Cobitis narentana
- Conservation status: Vulnerable (IUCN 3.1)

Scientific classification
- Kingdom: Animalia
- Phylum: Chordata
- Class: Actinopterygii
- Order: Cypriniformes
- Family: Cobitidae
- Genus: Cobitis
- Species: C. narentana
- Binomial name: Cobitis narentana S. L. Karaman, 1928
- Synonyms: Cobitis taenia narentana Karaman, 1928

= Cobitis narentana =

- Authority: S. L. Karaman, 1928
- Conservation status: VU
- Synonyms: Cobitis taenia narentana Karaman, 1928

Species of fish

Cobitis narentana is a species of ray-finned fish in the true loach family (Cobitidae). It is found in Bosnia and Herzegovina and Croatia. This fish was long believed to be part of the widespread spined loach (C. taenia).
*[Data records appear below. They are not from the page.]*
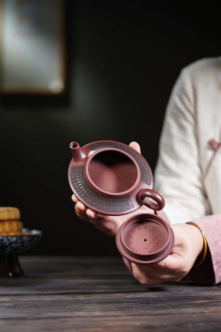 【泥料特點】砂土氣重,似淳實農民,日久使用,漸露鋒芒,養成變化,溫潤莊重。紫砂是壹種雙重氣孔結構的多孔性材質,氣孔微細,密度高。用紫砂壺沏茶,不失原味,且香不渙散,得茶之真香真味。紫砂使用越久,壺身色澤越發光亮照人,氣韻溫雅。紫砂壺長久使用器身會因撫摸擦拭,變得越發溫潤光澤。
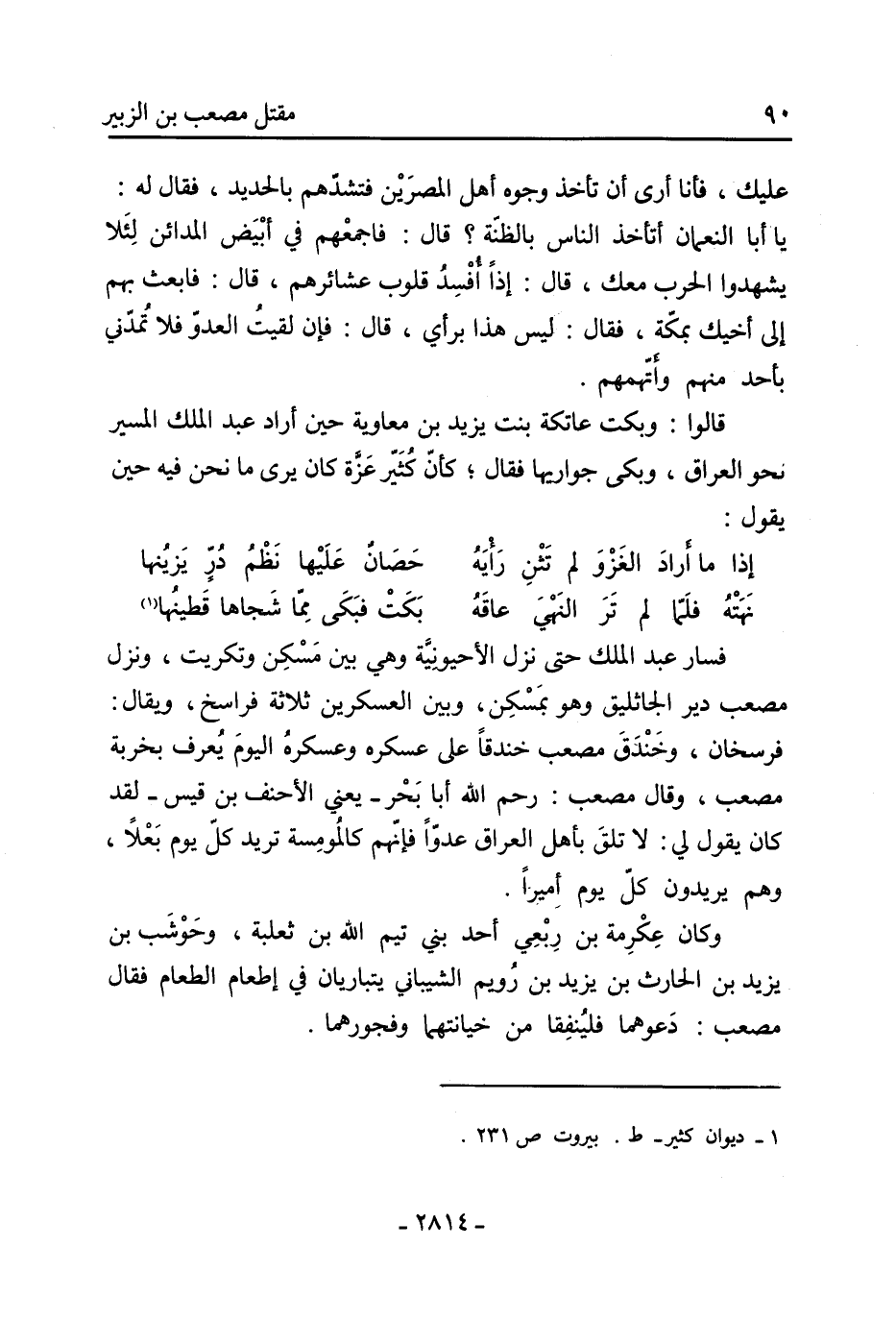 قالوا: وبكت عاتكة بنت يَزِيد بْن مُعَاوِيَةَ حين أراد عَبْد الْمَلِكِ المسير نحو العراق، وبكى جواريها فَقَالَ، كأن كثير عزة كَانَ يرى مَا نحن فيه حين يقول:
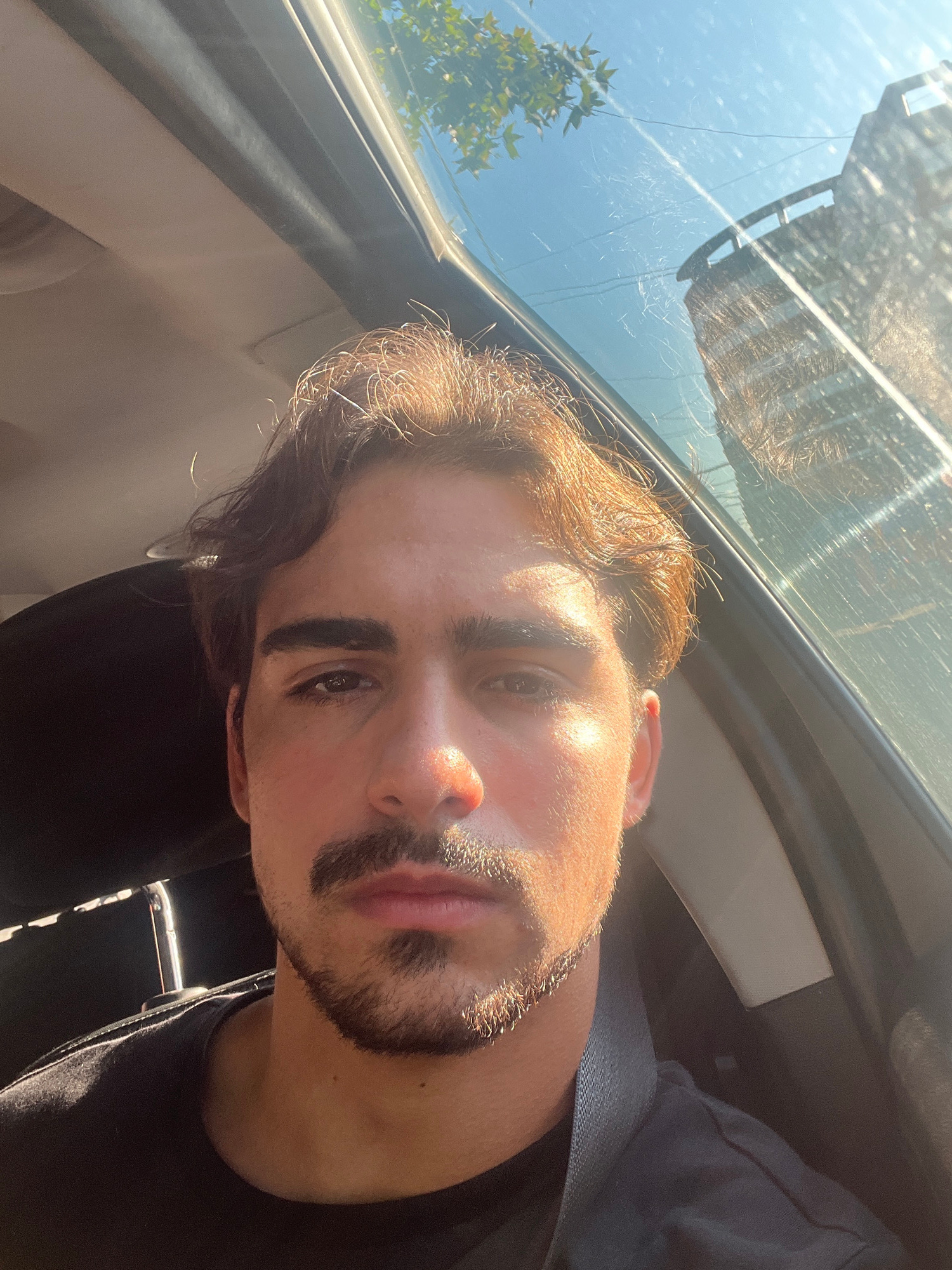 A close-up, slightly angled photograph depicts a man with brown hair, dark eyes, and a trimmed beard. He is seated inside a car, as evidenced by the seatbelt across his chest and the interior of the v…read more
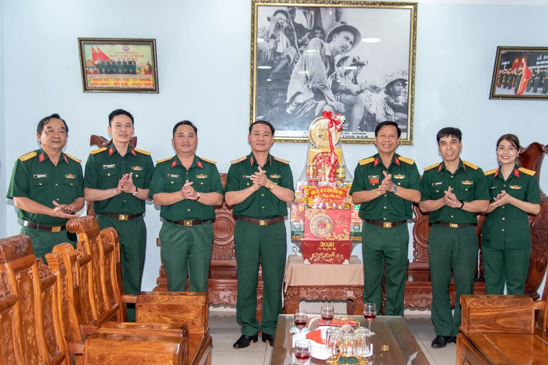 Thiếu tướng Trần Ngọc Minh thăm, chúc Tết, tặng quà của Bộ Tư lệnh Quân khu cho Ban Chỉ huy phòng thủ khu vực 2 – Phú Lợi.

Cladistic analysis of DNA sequence data (nDNA RAG-1 and S7 ribosomal protein intron 1, and mtDNA cytochrome b) confirms that it is properly treated as full species. It belongs to a group including C. bilineata, C. dalmatina and an undescribed species from the Bosnian-Croatian border region. The Adriatic endemics separated from the ancestors of C. bilineata, today widespread immediately south of the Alps, around 6–5.5 million years ago. This was during the Messinian salinity crisis, when drainage basins throughout the Mediterranean region changed their course. C. dalmatina appears to be quite similar to C. narentana as regards the mitochondrial DNA sequence, but the nuclear DNA sequences differ far more. This typically occurs in cases of hybridization between distinct but related species. In the present case, C. narentana would have mated with C. dalmatina males, perhaps during some Pliocene glacial.

Its natural habitats are rivers, freshwater lakes and freshwater marshes of the Neretva River basin. It is threatened by habitat loss.

It can grow to 9 cm standard length and 10.2 cm total length.